Epistemology poses a set of philosophical questions to Science and to “science in the making”. As science progresses in a fundamentally discontinuous fashion, the reversals of representations of scientists, also called “scientific paradigms” according to the expression of Thomas Samuel Kuhn, are also at the heart of epistemological questions. Among these central questions of epistemology we distinguish:
- the nature of the production of scientific knowledge (for example, are the types of reasoning founded?);
- the nature of the knowledge in itself (is objectivity always possible, etc.). This epistemological problem concerns more directly the question of how to identify or distinguish scientific theories from metaphysical theories;
- the organization of scientific knowledge (notions of theories, models, hypotheses, laws);
- the evolution of scientific knowledge (what mechanism drives science and scientific disciplines).

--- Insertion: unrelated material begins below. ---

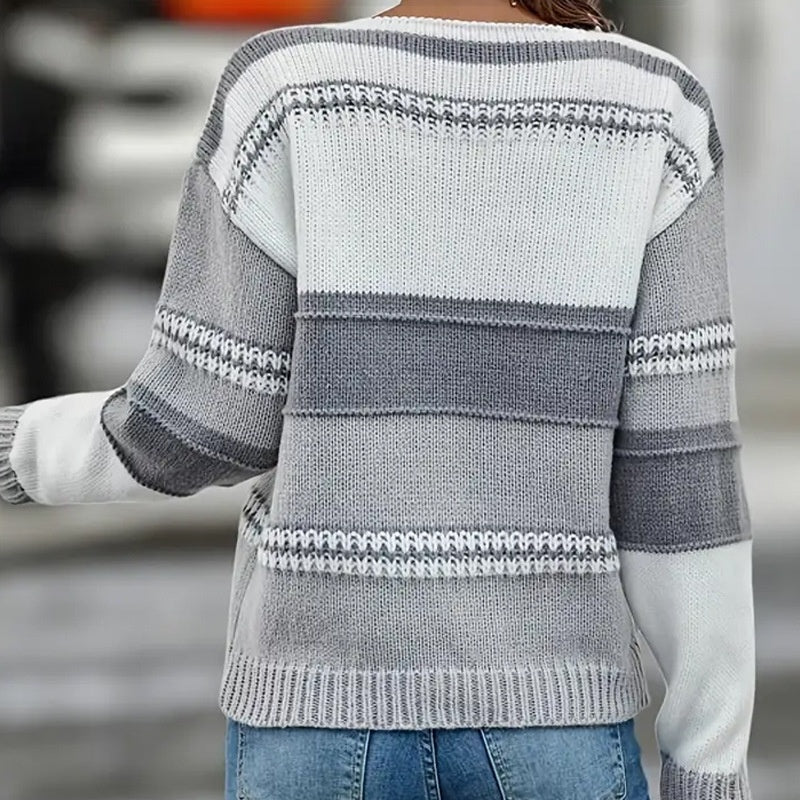 Το πακέτο περιλαμβάνει: 1×Μοντέρνο πλεκτό μπλουζάκι με V λαιμόκοψη και χρωματικό μπλοκ

A number of philosophers or epistemologists have thus questioned the nature of science and, first of all, the thesis of its uniqueness. The epistemologist Paul Feyerabend, in Against Method, is one of the first, in the seventies, to revolt against the received ideas with regard to science and to put into perspective the too simple idea of ”scientific method”. He exposes an anarchist theory of knowledge pleading for the diversity of reasons and opinions, and indeed explains that ” science is much closer to myth than a scientific philosophy is prepared to admit”. The philosopher Louis Althusser, who produced a course on this question from a Marxist perspective, maintains that “every scientist is affected by an ideology or a scientific philosophy which we propose to call by the conventional name: the spontaneous philosophy of the scientists“. Dominique Pestre endeavors to show the uselessness of a distinction between “rationalists” and “relativists”, in Introduction to Science Studies.
Large epistemological models
The history of science and philosophy has produced many theories as to the nature and scope of the scientific phenomenon. There is thus a set of great epistemological models which claim to explain the specificity of science. The 20th century marked a radical turning point. Very schematically, to the first purely philosophical and often normative reflections were added more sociological and psychological reflections, then sociological and anthropological approaches in the 1980s, then finally fundamentally heterogeneous approaches from the 1990s with Science studies. The discourse will also be questioned by psychology with the current of constructivism. Finally, epistemology is interested in “science in action” (expression of Bruno Latour), that is to say in its daily implementation and not only in the nature of the theoretical questions it produces.